How would you express "another [unit of time]" in Finnish?

_Hei, katso mitä löytyi kaapista! Minun vanhat vauvankengät. Mitäs niillä tehdään?
Noh, taidetaan panna ne takaisin kaappiin (toiseksi?) kymmeneksi vuodeksi.

_Kiitoksia_!_


----------



## etrade

akana said:


> How would you express "another [unit of time]" in Finnish?
> 
> _Hei, katso mitä löytyi kaapista! Minun vanhat vauvankengät. Mitäs niillä tehdään?
> Noh, taidetaan panna ne takaisin kaappiin (toiseksi?) kymmeneksi vuodeksi.
> 
> _Kiitoksia_!_



Laita piste tai pilkku väliin


----------



## Hakro

My suggestion:


akana said:


> _Hei, katso mitä löytyi kaapista! Minun vanhat vauvankengät.
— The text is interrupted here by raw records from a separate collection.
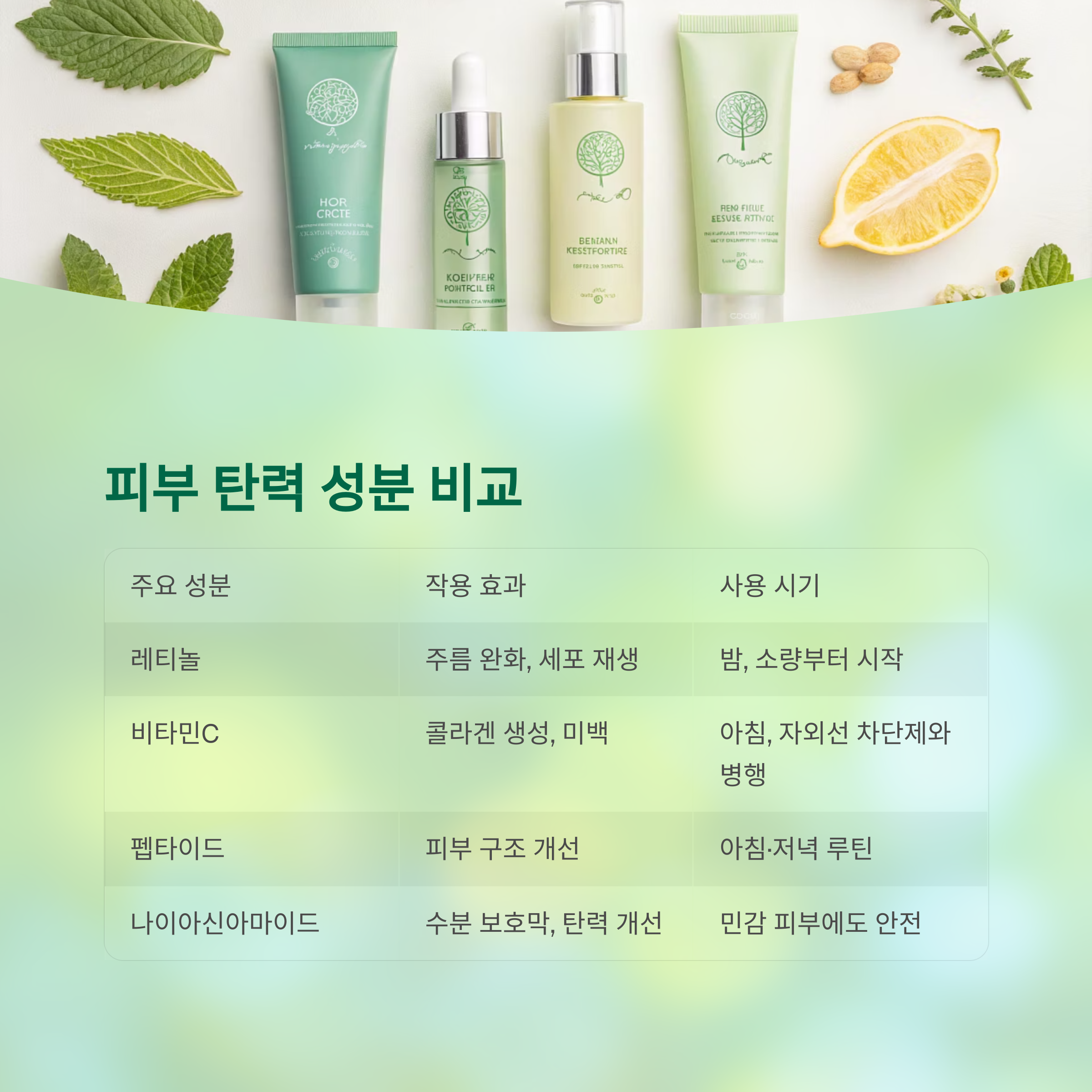 피부 탄력을 위한 주요 성분 비교표
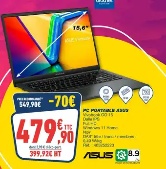 L'offre est disponible dans plusieurs magasins, vérifiez tous les produits pour obtenir le Asus pc portable vivobook go 15 le moins cher. Si vous souhaitez savoir si l'article est en vente avec une plus grosse remise dans un autre magasin, consultez la catégorie 'Office'. Ces offres pourraient aussi vous intéresser : ASUS Pc portable vivobook M1502YA- BQ941W, Ordinateur portable ASUS Vivobook & Asus - pc portable asus m60278q8025w.
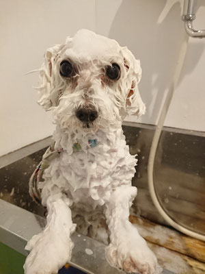 ブロー中はドライヤーの音に負けないように大きな声でシルクくんの名前をたくさん呼びました(^^)

Mitäs niillä tehdään?
> Noh, taidetaan panna ne takaisin kaappiin vielä kymmeneksi vuodeksi._


Another possibility:


> _Hei, katso mitä löytyi kaapista! Minun vanhat vauvankengät. Mitäs niillä tehdään?
> Noh, annetaan niiden olla kaapissa (vielä) toiset kymmenen vuotta._


----------



## Grumpy Old Man

I agree with Hakro.


----------